Today arbez reaches its yield by combining engines. The direction is to grow the **bundled AI detector** until it clears that bar on its own — so that a single `pip install arbez`, with no platform-specific helpers, is all anyone needs for reliable detection on every platform. Each release trains it further; the multi-engine union is both today's product and the target the detector is closing in on. Apple Vision and the classical engines stay welcome boosts where available — the goal is simply that you never have to *depend* on them.

The aim is plain: make arbez the easiest, most reliable way to read QR codes and barcodes in Python — no expertise, no setup, just results.

## Versioning

arbez follows [semantic versioning's 0.x convention](https://semver.org/#spec-item-4): while it is pre-1.0, the public API may change between minor releases, and breaking changes are documented in the [CHANGELOG](CHANGELOG.md). `1.0.0` will mark the point at which the API surface is stable.

## License

Apache License, Version 2.0 — see [`LICENSE`](LICENSE).

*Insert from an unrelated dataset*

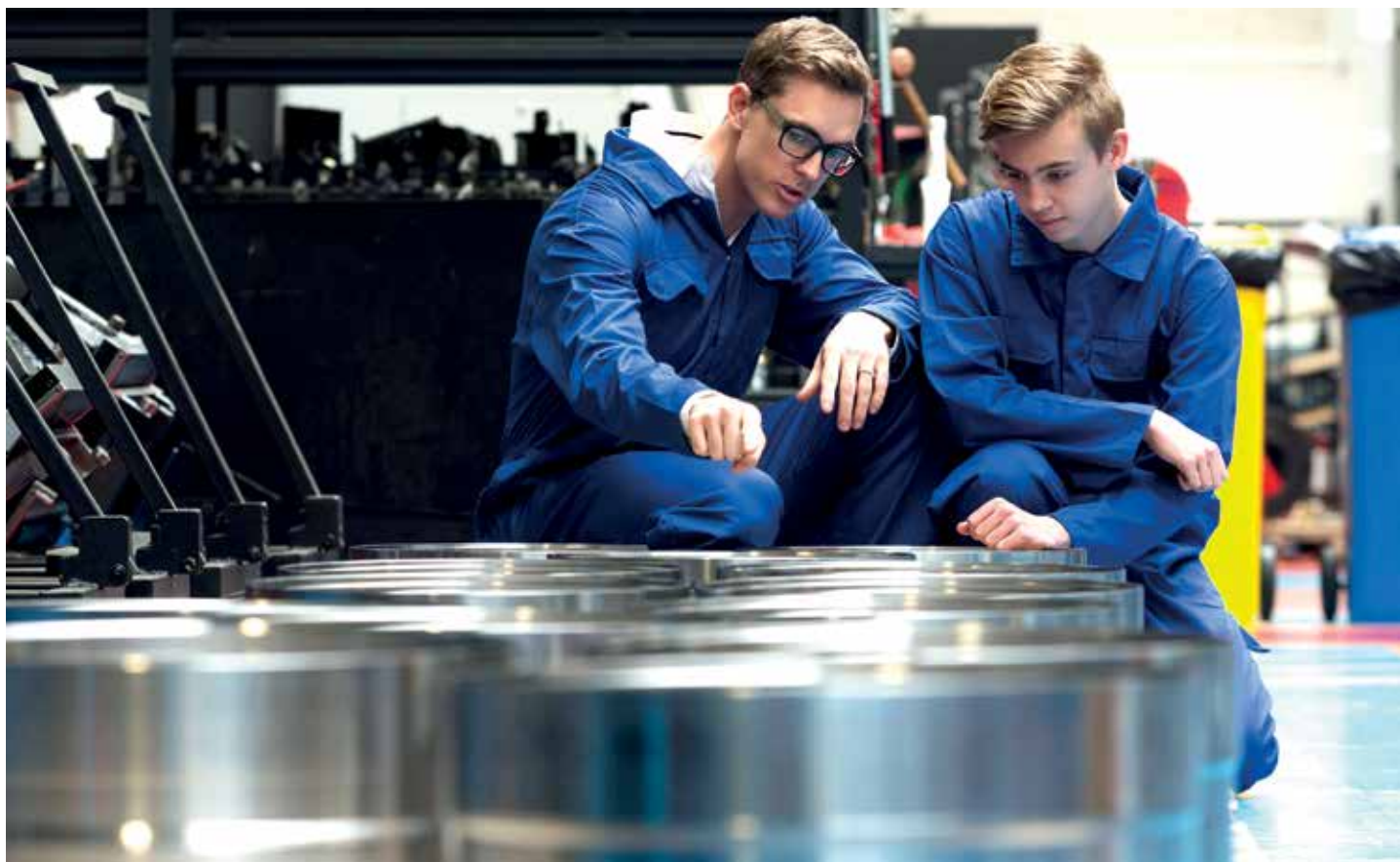
A number of five and 10 week internships are being offered through the University of Chester.

Businesses looking for a researcher to carry out a project or even a graduate to assess the company business plan, to include a low carbon aspect, can visit the Eco-Innovation website www.chester.ac.uk/ecoinnovation for more information.

The bundled object-detection model (`src/arbez/_assets/arbez_yolox_s.onnx`) is also Apache-2.0; see `src/arbez/_assets/NOTICE` for full attribution.

Data Matrix fallback decoding uses [arbez-dmtx](https://pypi.org/project/arbez-dmtx/) (Apache-2.0), a core dependency that bundles the native **libdmtx** library (BSD-2-Clause, © 2005–2016 Mike Laughton, Vadim A. Misbakh-Soloviov and others) and a vendored **pylibdmtx** ctypes wrapper (MIT, © 2016–2020 Lawrence Hudson); their full license texts ship inside the arbez-dmtx wheel.